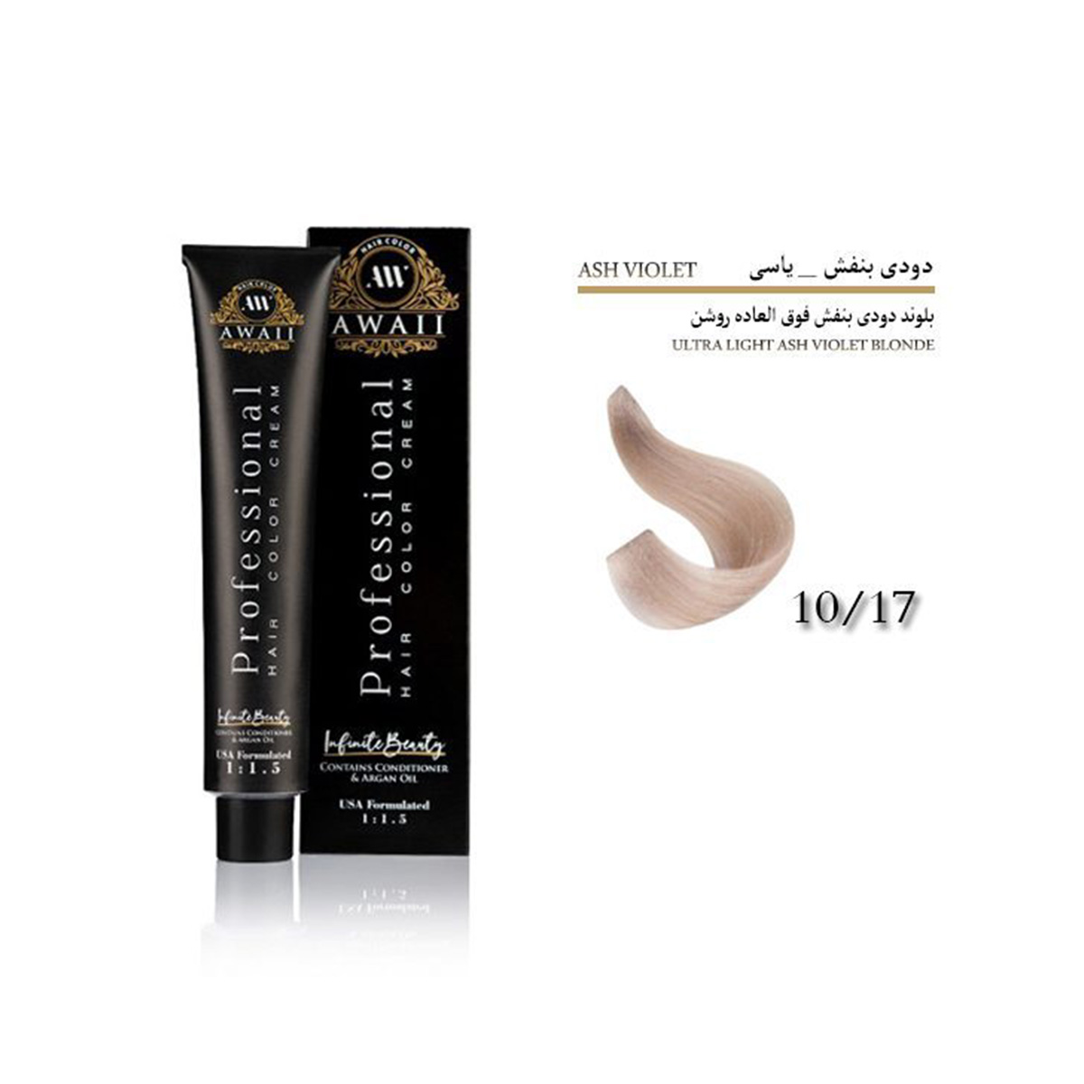 رنگ مو آوایی شماره 10.17 حجم 120 میل رنگ بلوند دودی بنفش فوق العاده روشن Awaii
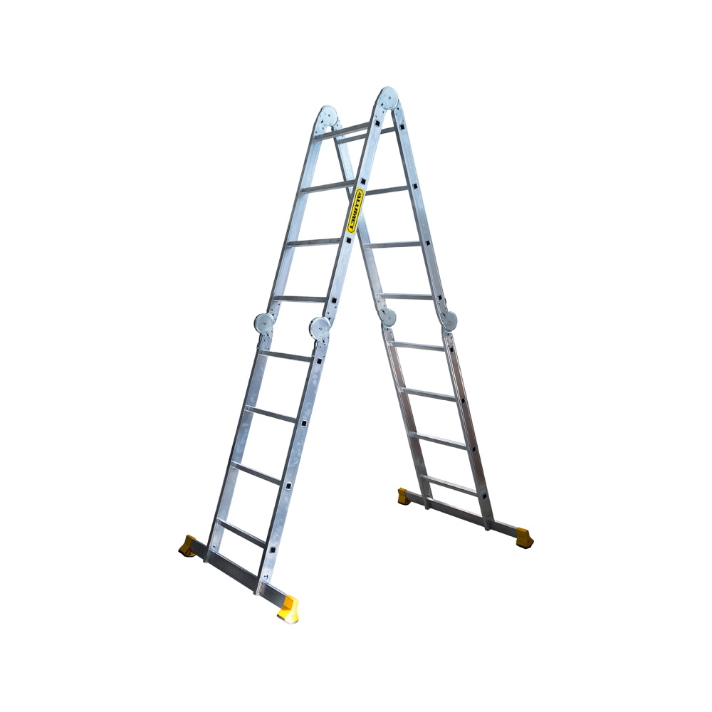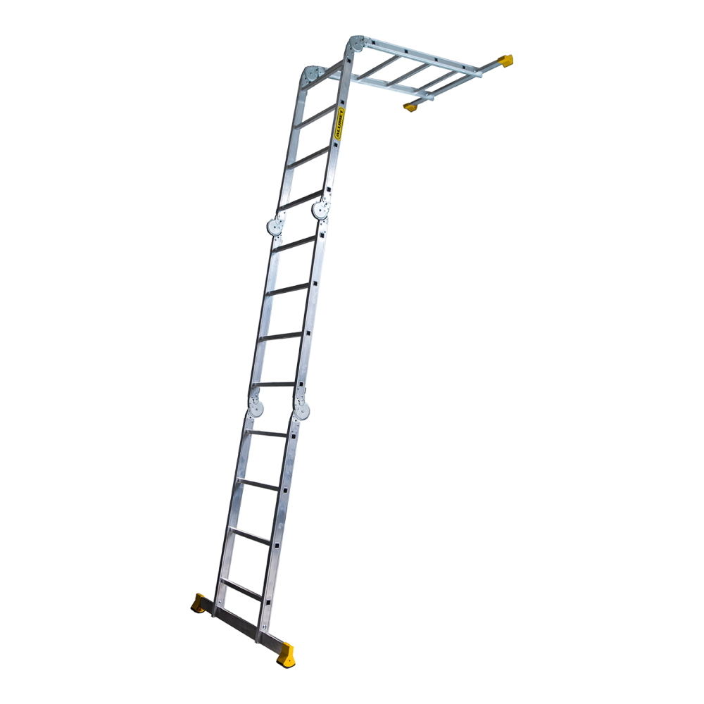 Алюминиевая лестница-трансформер АлюметTW1 444 предназначена для работы на высоте от 3,37 м до 5,77 м. Шарнирная лестница состоит из 4 секций с 4 ступенями. Ширина ступеней 50 см позволяет легко спускаться и подниматься с инструментом или другим оборудованием.
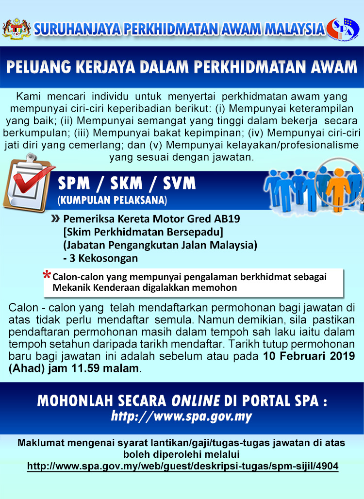 Tarikh Tutup : 10 Februari 2019
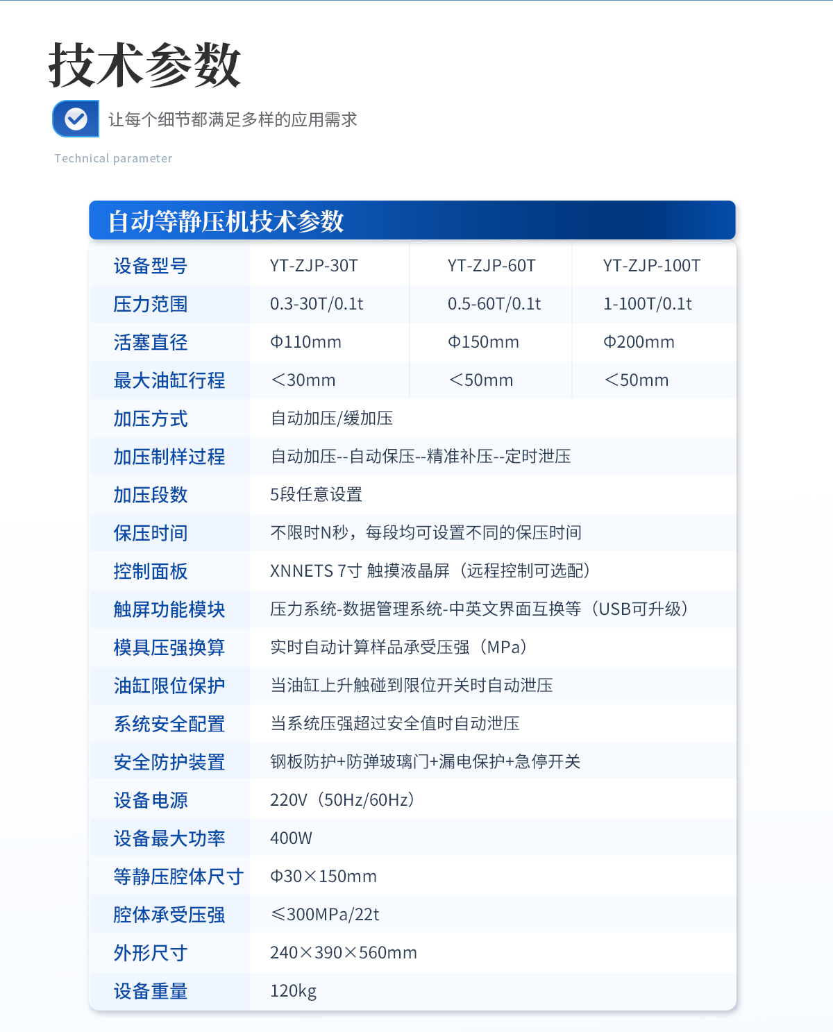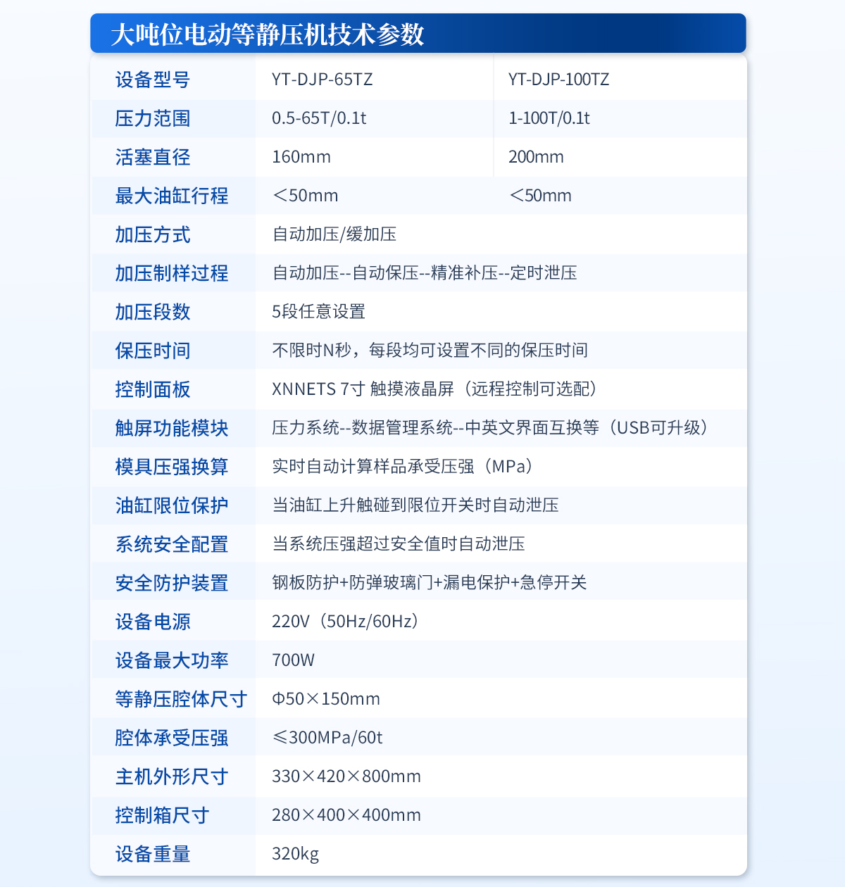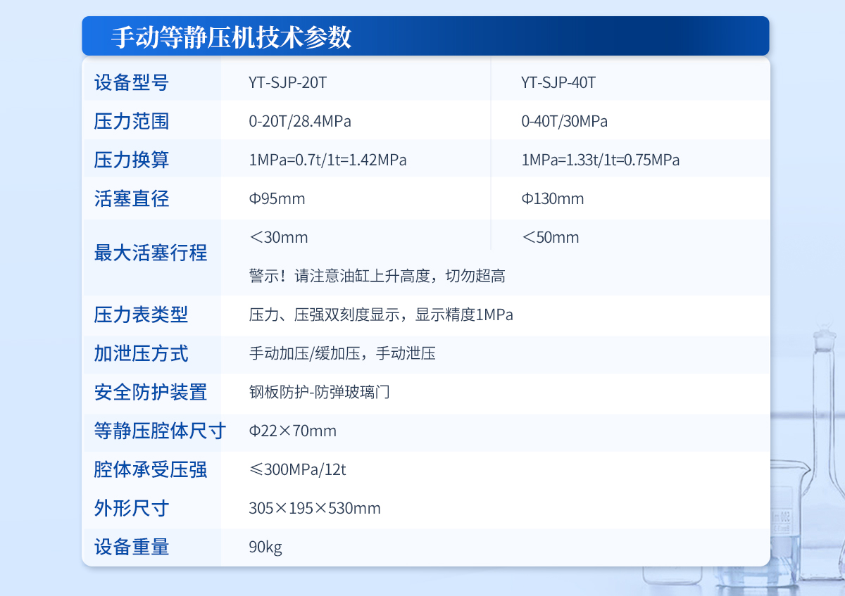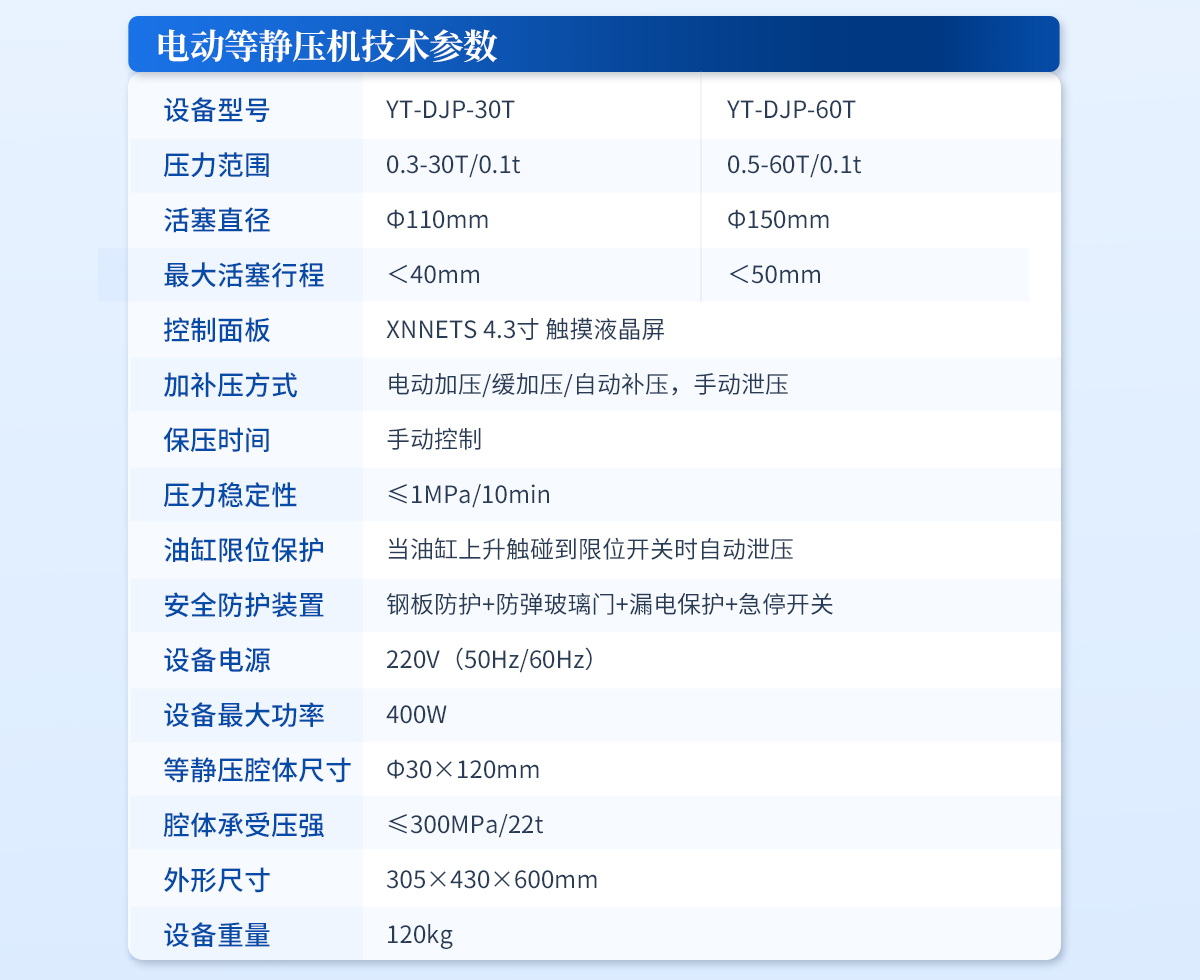 | 規格型號:YT-ZJP-100T | 壓力范圍:1-100T/0.1t | 活塞直徑 :Φ200mm | **油缸行程:<50mm | 加壓方式:自動加壓/緩加壓 | 加壓制樣過程:自動加壓--自動保壓--精準補壓--定時泄壓 | 加壓段數:5段任意設置 | 保壓時間 :不限時N秒,每段均可設置不同的保壓時間 | 控制面板:XNNETS 7寸 觸摸液晶屏(遠程控制可選配) | 觸屏功能模塊: 壓力系-統-數據管理系統--中英文界面互換等(USB可升級) | 模具壓強換算:實時自動計算樣品承受壓強(MPa) | 油缸限位保護:當油缸上升觸碰到限位開關時自動泄壓 | 系統安全配置 :當系統壓強超過安全值時自動泄壓 | 安全防護裝置:鋼板防護+防彈玻璃門+漏電保護+急停開關 | 設備電源:220V(50Hz/60Hz) | 設備**功率:400W | 等靜壓腔體尺寸:Φ60×150mm | 腔體承受壓強: ≤300MPa/87t | 外形尺寸:330×580×720mm | 設備重量:290kg | 配置說明:等靜壓機1臺!可根據需求定制500MPa等靜壓機或橡膠模具 |

·····

Task requirements »
Return every line above verbatim, pictures excluded.

Final answer »
 رنگ مو آوایی شماره 10.17 حجم 120 میل رنگ بلوند دودی بنفش فوق العاده روشن Awaii
 Алюминиевая лестница-трансформер АлюметTW1 444 предназначена для работы на высоте от 3,37 м до 5,77 м. Шарнирная лестница состоит из 4 секций с 4 ступенями. Ширина ступеней 50 см позволяет легко спускаться и подниматься с инструментом или другим оборудованием.
 Tarikh Tutup : 10 Februari 2019
 | 規格型號:YT-ZJP-100T | 壓力范圍:1-100T/0.1t | 活塞直徑 :Φ200mm | **油缸行程:<50mm | 加壓方式:自動加壓/緩加壓 | 加壓制樣過程:自動加壓--自動保壓--精準補壓--定時泄壓 | 加壓段數:5段任意設置 | 保壓時間 :不限時N秒,每段均可設置不同的保壓時間 | 控制面板:XNNETS 7寸 觸摸液晶屏(遠程控制可選配) | 觸屏功能模塊: 壓力系-統-數據管理系統--中英文界面互換等(USB可升級) | 模具壓強換算:實時自動計算樣品承受壓強(MPa) | 油缸限位保護:當油缸上升觸碰到限位開關時自動泄壓 | 系統安全配置 :當系統壓強超過安全值時自動泄壓 | 安全防護裝置:鋼板防護+防彈玻璃門+漏電保護+急停開關 | 設備電源:220V(50Hz/60Hz) | 設備**功率:400W | 等靜壓腔體尺寸:Φ60×150mm | 腔體承受壓強: ≤300MPa/87t | 外形尺寸:330×580×720mm | 設備重量:290kg | 配置說明:等靜壓機1臺!可根據需求定制500MPa等靜壓機或橡膠模具 |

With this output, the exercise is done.